Zeitungen hast du ja auch, Göttingen. Und seit ich wieder in Ostdeutschland (das was du in den 70ern mit „rüber“ im Satz „Geh doch rüber!“ gemeint hast) wohne, bin ich ja einiges gewohnt, was die Medienlandschaft betrifft. Hier gibt es zum Beispiel den MDR und die MZ. Das steht für „Mitteldeutscher Rundfunk“ bzw. „Mitteldeutsche Zeitung“ – wohlgemerkt ist der Einzugsbereich dieser Medien Sachsen, Thüringen und Sachsen-Anhalt. Irritation hier: Wo liegt dann Ostdeutschland? Soviel zu meiner dicken Haut, aber deine Zeitungslandschaft – Göttingen – ist mal echt rechts. Erst letztens gab es da diesen Artikel in der HNA. Nein nicht DIESEN, sondern den anderen mit der Überschrift „Linksextreme Gewalt in Göttingen: Blinde Wut gegen Rechts“, welcher der Burschenschaft Hannovera ernsthaft ein Forum bot. Dieselbe Hannovera, die sich auch gerne mal Schlägernazis auf ihr Grundstück einlädt.

Den guten alten Mao hätte die Stimmung gegen links natürlich gefreut. „Wenn der Feind uns bekämpft ist das gut und nicht schlecht“ lautet der Spruch, den seit Eichingers Film auch deutsche Spießbürger zitieren können. Soll heißen: Wir können die Relevanz der linken Szene Göttingens jeden Morgen anhand der Presse indizieren. Wenn Burschis sich beschweren, dass Göttingen ein gefährliches Pflaster für sie sei, dann ist das gut und nicht schlecht.

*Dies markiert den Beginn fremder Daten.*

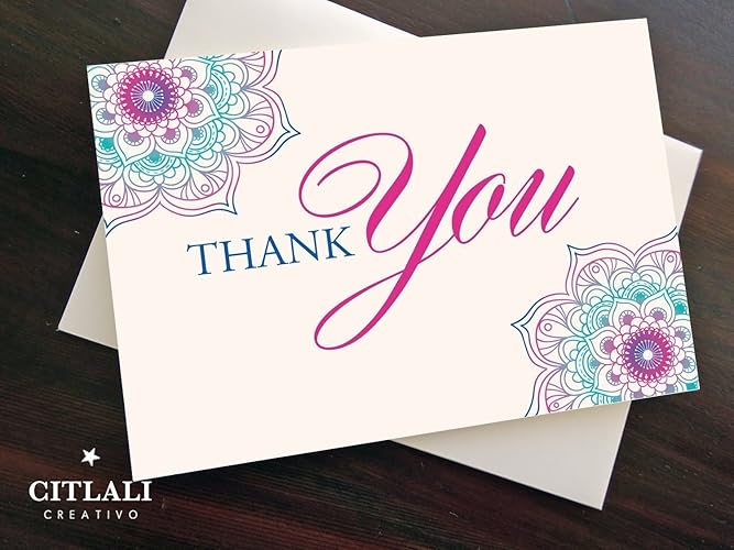 Amazon Com Colorful Mandala Paisley Set Of 4 Or 12 Thank You
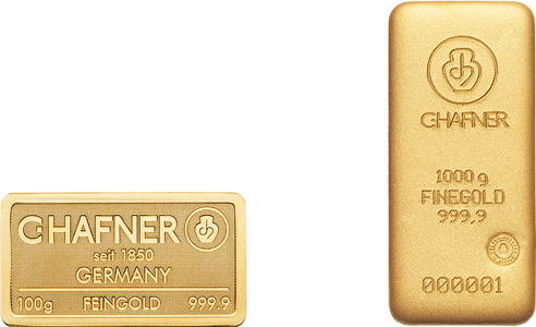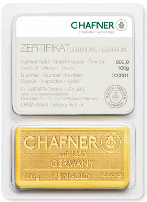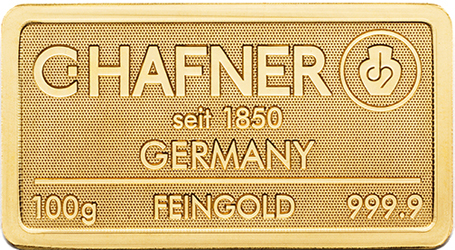 | 100 g | C. Hafner Goldbarren | geprägt | 9999 | 100,00 g | 55,00 x 30,00 x 3,60 mm |
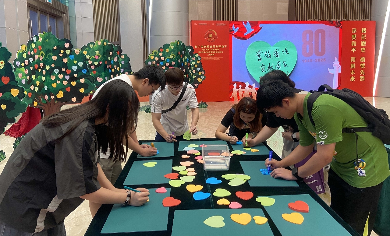 教青局將積極推動高等院校和非高等教育學校組織師生,以及組織親子參觀主題展覽,引導學生認識抗戰歷史,並通過展區的願望樹表達觀展後的感悟和對祖國的祝願,增強對祖國的認同感、歸屬感與民族自豪感,培養珍愛和平、維護和平的意識,厚植家國情懷,為國家的發展貢獻自己的力量。

Und da sind wir auch schon bei den positiven Entwicklungen, du alte Schlawinerin. Kaum will ich dir den Rücken kehren, lockst du mich mit einem linken Asta, wie die Schlange mit dem Apfel. „Komm schon Genosse Feindbild“, sagst du dann, „alle sind dabei: Genosse Lektor, Genosse Ex-Arbeitskollege, Genossin Frollein und Genosse Mitbewohner. Nur du fehlst.“ Sogar die Bullen hast du aus der Stadt jagen lassen. Also warum jetzt die Trennung? Das ist eine gute Frage. Besonders dann, wenn sich das eigene Leben plötzlich in der ehemaligen DDR abspielt und man jeden Morgen auf Weg dem zwischen Wohnung und Büro das Gefühl hat, eine Zeitreise in die eigene Vergangenheit zu unternehmen. Ach Göttingen, ich weiß doch auch nicht, aber das muss jetzt sein. Es liegt nicht an dir, es liegt an mir.